An educator’s focus can make the difference
Tuesday, August 22, 2017
As an educator at the midpoint of my career, I have witnessed numerous colleagues retire from a successful career in education and transition to a second, unrelated career almost seamlessly.
I have often asked myself how is this possible? Do they possess a special skill or training that has enabled them to transition so effortlessly? Were they privileged to inherit this special skill? Do they have the "golden touch" that permits them to become successful at whatever they so choose to undertake?
The answers to these questions were simple, but revolutionary. Each retiree possessed a strong focus on the task at hand.
Each, regardless of position (i.e. administration, special education, regular classroom teacher, etc.), never stopped exploring. They were the individuals who were willing to implement the latest technique or strategy in their classroom or building.
Maria Popova, in her article on "the true purpose of education" based on the works of John Dewey, writes that two of the most important and universal natural faculties essential for learning are curiosity and a desire for fullness of experience.
She believes, as did Dewey, that educators should not settle for mediocrity. They should always challenge not only their students, but also themselves. If they do not seek knowledge, or have a focus in life, they will cease to grow as an effective educator.
"The curious mind is constantly alert and exploring, seeking material for thought, as a vigorous and healthy body seeks nutriment," Dewey wrote. "Eagerness for experience, for new and varied contacts, is found where wonder is found. To the open mind, nature and social experience are full of varied and subtle challenges to look further."
Educators who focus on a goal and work to achieve this goal will be successful. Their work in the classroom and in their personal lives will not go unnoticed by their colleagues, family and friends.

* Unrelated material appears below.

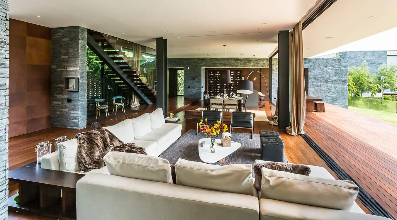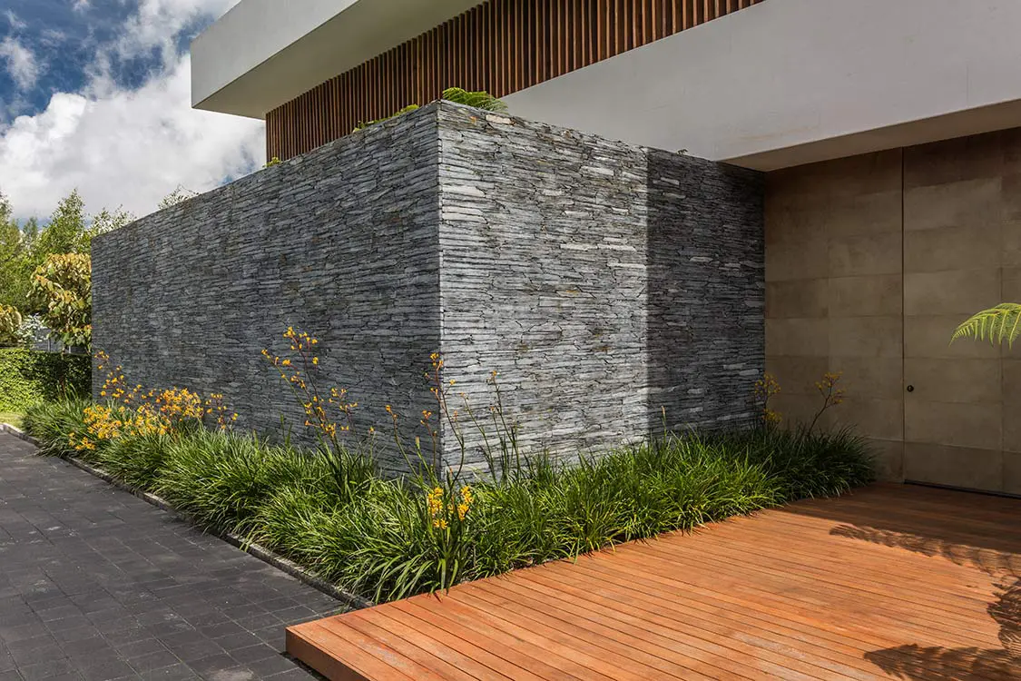 El ingreso se da por medio de dos grandes muros de piedra negra. El de la derecha contiene la zona de servicios, el gimnasio y el garaje. El otro, un patio interior y el baño social. Además, estas grandes cajas enmarcan una imponente puerta pivotante, de 2,70 por 3,20 metros, cubierta con cuero para que “con el tiempo se desgaste, y envejezca como una silla de montar.

Robert Spadinger believed focus means identifying your most important "task" and giving 100 percent of your attention to it. You melt with your task, you become one with it, and there is nothing else.
Unfortunately, not all educators realize their potential and need assistance in identifying a focus. Spadinger writes, "One of the main reason for failure (in any area of life) is the lack of focus. If you are not laser-like focused on what you want, it will either be very difficult for you to obtain it or it will take much longer than necessary."

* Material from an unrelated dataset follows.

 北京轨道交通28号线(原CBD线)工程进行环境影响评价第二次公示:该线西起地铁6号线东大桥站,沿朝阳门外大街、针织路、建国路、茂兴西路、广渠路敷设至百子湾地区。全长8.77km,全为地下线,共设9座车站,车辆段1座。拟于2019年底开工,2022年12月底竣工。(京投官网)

Effective school leaders must create an environment for teachers to grow and develop their focus. But how can school leaders aid teachers in developing focus?

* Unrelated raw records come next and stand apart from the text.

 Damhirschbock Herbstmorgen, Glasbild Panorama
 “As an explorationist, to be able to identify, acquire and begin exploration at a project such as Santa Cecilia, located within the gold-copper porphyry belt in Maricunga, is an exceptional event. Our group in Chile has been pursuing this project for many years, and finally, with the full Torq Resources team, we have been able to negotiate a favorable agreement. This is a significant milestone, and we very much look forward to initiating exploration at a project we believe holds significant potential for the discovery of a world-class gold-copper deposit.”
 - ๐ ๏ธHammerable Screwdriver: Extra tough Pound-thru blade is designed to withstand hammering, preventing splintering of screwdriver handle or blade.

In a 2015 case study, Jeff Keller and Marfel Kusko confirmed the importance of leadership and focus. Marylin Avenue School leaders shaped the staff meetings into professional learning sessions.
A school leadership team, led by a principal and teacher leaders, planned activities for the staff and allocated the necessary resources. These activities included professional development centering on student achievement goals and plans for students to achieve such goals.
This system created a collaborative culture that enabled teachers to focus not only student goals, but also personal goals as well. Teachers began to see the connections, and student achievement increased. The teachers developed a focus on student achievement and collaboration that permitted the entire staff to learn from one another for the benefit of all students in the school district.
Federal mandates such as No Child Left Behind (NCLB) and Every Student Succeeds Act (ESSA) have forced school districts across the United States to implement new programs on a continuous basis in the hopes of improving student achievement outlined via these mandates.
The state of Ohio has developed the Ohio Improvement Process based on planning, collaboration and goal setting. The program, which has been implement statewide for almost a decade has had mixed results. Though the program promises student growth, studies have proven it cannot be truly successful without district leadership cultivating a strong teacher's focus.
It is imperative that today's educators develop a focus on planning and collaboration facilitated by building and district leadership. Everyone must work together to develop a plan that will impact student growth.
Without proper planning and input from all stakeholders to develop a central focus, the initiative is doomed to failure.